For example, instead of saying “you always prioritize your friends over me”, try saying “I noticed that you’ve seen your friends three times this week, but we haven’t even scheduled a date night yet”.
Instead of saying “you never cook dinner”, try saying “I’ve cooked dinner every night this week”. These alternatives are not hurtful statements and subtly tells your partner your anger without pointing fingers.
9. You’re Fat /You’ve Gained Weight
This is one of the hurtful words in marriage about appearance that shouldn’t be said in anger to your spouse especially your wife who is the mother of your kids.
That fat body carried and nurtured another human in it for nine months who you’re proud to say that’s my child. That fat body gave you your most precious title of FATHER.
Telling your spouse “you’ve gained weight” is damaging because it hits straight to their self-confidence, self-esteem, and will make them self-conscious in and out of the bedroom.
If you’re legitimately or really concerned about your partner’s health, a better way of addressing it is to suggest things like eating healthier together, working out together, or going on long bike rides together on weekends.
Subtly joining your partner on their weight loss journey will encourage them to make healthy living a lifestyle and you won’t be hurting anyone’s feeling with some ill-thought words.
10. I Don’t Care
Being in a loving relationship means CARING no matter what. Telling your partner otherwise by saying “I don’t care” can make them feel worthless because if they had real value to you, you’d care about them, their feelings, and even opinions.
Saying “I don’t care” can trigger a deep fear of abandonment in most people and if you love your spouse, you should be their safe haven not their source of fear.
Avoid telling your partner that you don’t care, it might be a sign that you don’t love them anymore or that your relationship is coming to its end.

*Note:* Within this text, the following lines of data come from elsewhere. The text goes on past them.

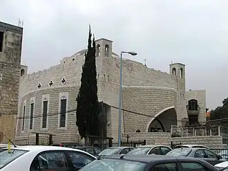 Den ersten, symbolischen Spatenstich vollzog am 9. September 1999 das Haupt des Kirchenvorstands Jean Maǧdalani (جان مجدلاني), für den sich ein Lebenstraum erfüllte und der bald darauf starb,[1] in Gegenwart eines seiner Nachfolger Jussif Churi (يُوسِف خُورِيّ, DMG Yūsif Ḫūrī), vieler Parochianen wie Maha Ballans sowie Amram Mitznas und weiterer Gäste.[2] Im folgenden Jahr lobte der Kirchenvorstand einen anonymen Architekturwettbewerb aus, ein neues, alle modernen parochialen Bedürfnisse gerecht werdendes Kirchengebäude mit Gemeinschaftsräumlichkeiten zu entwerfen.[2] Maha Ballan gewann ihn, arbeitete ab Anfang 2000 die Baupläne aus und besorgte dann die Baugenehmigung.[2]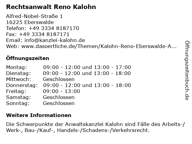| Öffnungszeiten Rechtsanwalt Reno Kalohn in Eberswalde anzeigen | |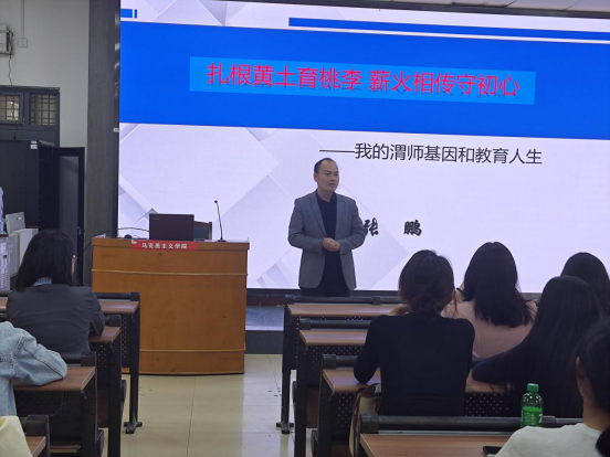 5月9日下午2:00,在1101,太阳成tyc122cc邀请2003级思想政治教育专业毕业生、潼关县优秀团务工作者、潼关县高考质量提升先进个人、渭南市中小学教师中、高级评审委员会评委、渭南市教育学会理事,渭南市高考政治学科试题评价分析讲师团成员、潼关中学副董事长张鹏老师来公司作题为《扎根黄土育桃李 薪火相传守初心》的报告。太阳成tyc122cc部分教师、思想政治教育专业2022级员工等100余人参加,思想政治教育专业建设负责人周菊芳主持。

Every good and strong relationship is built on a good communication foundation. And words are the bedrock of any communication.
If we’re to have the best kind of relationship or marriage, we should mind our words spoken. Words are tools and weapons; they can be used to build or destroy. How we use them is what matters!

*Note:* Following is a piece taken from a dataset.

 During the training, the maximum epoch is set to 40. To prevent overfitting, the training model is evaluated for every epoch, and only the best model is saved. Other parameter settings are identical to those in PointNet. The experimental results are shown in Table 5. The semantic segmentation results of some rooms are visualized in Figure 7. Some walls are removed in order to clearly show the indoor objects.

Using words of gratitude and encouragement can build our relationship and strengthen our bonds but using hurtful words like the ones mentioned above can tear down our relationships.
You might see them as no big deals but as little and trivial as they seem, they poke holes in our bonds. And holes are holes no matter the size.
So I urge you to avoid using such words no matter the circumstances surrounding you. If you feel like you must talk, take a deep breath and walk away, then pick up the conversation when you’re rational and calm.
These words mentioned are not the only hurtful words to avoid or the most hurtful. I want to hear more from you that we should avoid in the comment section below.
Pin this for later!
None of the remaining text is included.